El detective de la novela policiaca mexicana no es un héroe pulcro que restaura el orden; es, por el contrario, un antihéroe que se arrastra por las venas abiertas de la ciudad, un testarudo que busca una verdad esquiva en un sistema donde la corrupción es el lenguaje principal. Su caracterización es el reflejo de una sociedad compleja y el principal mecanismo de crítica de ésta.
A diferencia del arquetipo creado por los estadunidenses Dashiell Hammett (1894-1961) o Raymond Chandler (1888-1959), el investigador mexicano, encarnado de forma seminal por Héctor Belascoarán Shayne, de Paco Ignacio Taibo II (1949), opera en una geografía del desastre nacional. Como apunta el crítico literario Víctor Barrera Enderle (1972), el género se nutre de “la crónica, el reportaje y la historia para construir una narrativa donde el detective es un historiador de la violencia reciente” (2012).
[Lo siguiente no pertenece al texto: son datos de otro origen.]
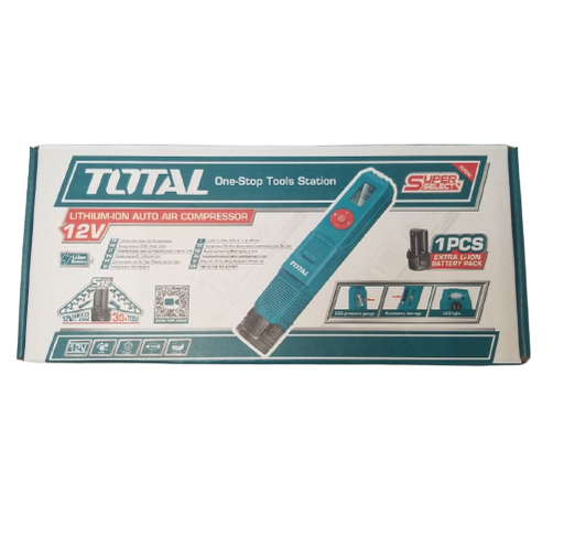 Product Name: Car Tire Pump 20V Total Charge Li-Ion Auto Air Compressor 20V – TACLI2001 Country of origin: China Manufacturer: TOTAL ...

Y es que la corrupción no es un elemento externo, sino un rasgo constitutivo de las tramas de la novela negra mexicana. El personaje debe negociar con esa corrupción, usarla o resistirla para avanzar en su pesquisa. Élmer Mendoza (1940) lleva esto al extremo con su detective el “Zurdo” Mendieta, un policía que “nada entre mierda y a veces saca la cabeza”, como define el autor sinaloense; Mendieta es un producto de su entorno, un profesional que aplica una moral flexible para sobrevivir en un mundo donde las instituciones son un obstáculo más.
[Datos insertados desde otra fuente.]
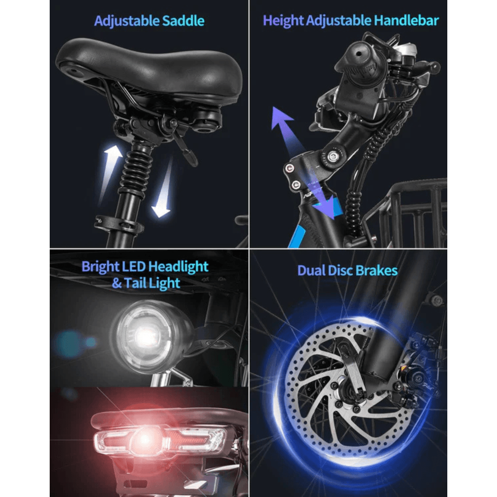 • Built-In Storage: An integrated basket offers convenient cargo space for your essentials on the go.

Además de la presencia de la corrupción, el espacio (el paisaje o el ambiente social) es otro pilar clave en la novela negra mexicana donde se desenvuelve el detective mexicano (y eso incluye a la reportera Yolanda Lavanderos, creada por Taibo II). Ciudad de México, Monterrey o Ciudad Juárez no son meros escenarios: son antagonistas que moldean la psicología del personaje; por ejemplo, la urbe laberíntica y violenta retratada con crudeza por Juan José Rodríguez en “Mi nombre es Casablanca” (2003) o por Yuri Herrera en “Trabajos del reino” (2004), dos novelas extraordinarias del nuevo noir mexicano, determina el lenguaje, los miedos y las tácticas de sus protagonistas. En ellas, el detective recorre colonias ricas y barrios marginales, como trazando la cartografía de la desigualdad y la miseria humanas, porque su lucha es casi siempre quijotesca.
Y así persiste en varias de las novelas del género. La resolución del caso rara vez implica justicia e incluso comprensión. El detective se equivoca, tiene miedo, no es un superhombre; su triunfo no es restaurar el orden, sino sobrevivir en esta jungla de acero, y, al hacerlo, dejar al descubierto las terribles entrañas de un país donde el crimen y el poder son dos caras de la misma moneda.
La novela policiaca mexicana, a través de sus personajes, demuestra que el misterio a develar no es un homicidio, sino la nación misma en despliegue de su terrible realidad. No sé si sea por eso que me gusta tanto la novela de crímenes hecha por estos autores y muchos otros que continúan publicando en México sus obras, o porque detrás de ellas se refleja la descomposición de un país que reivindica su grandeza con esta narrativa que nos consuela y conmueve.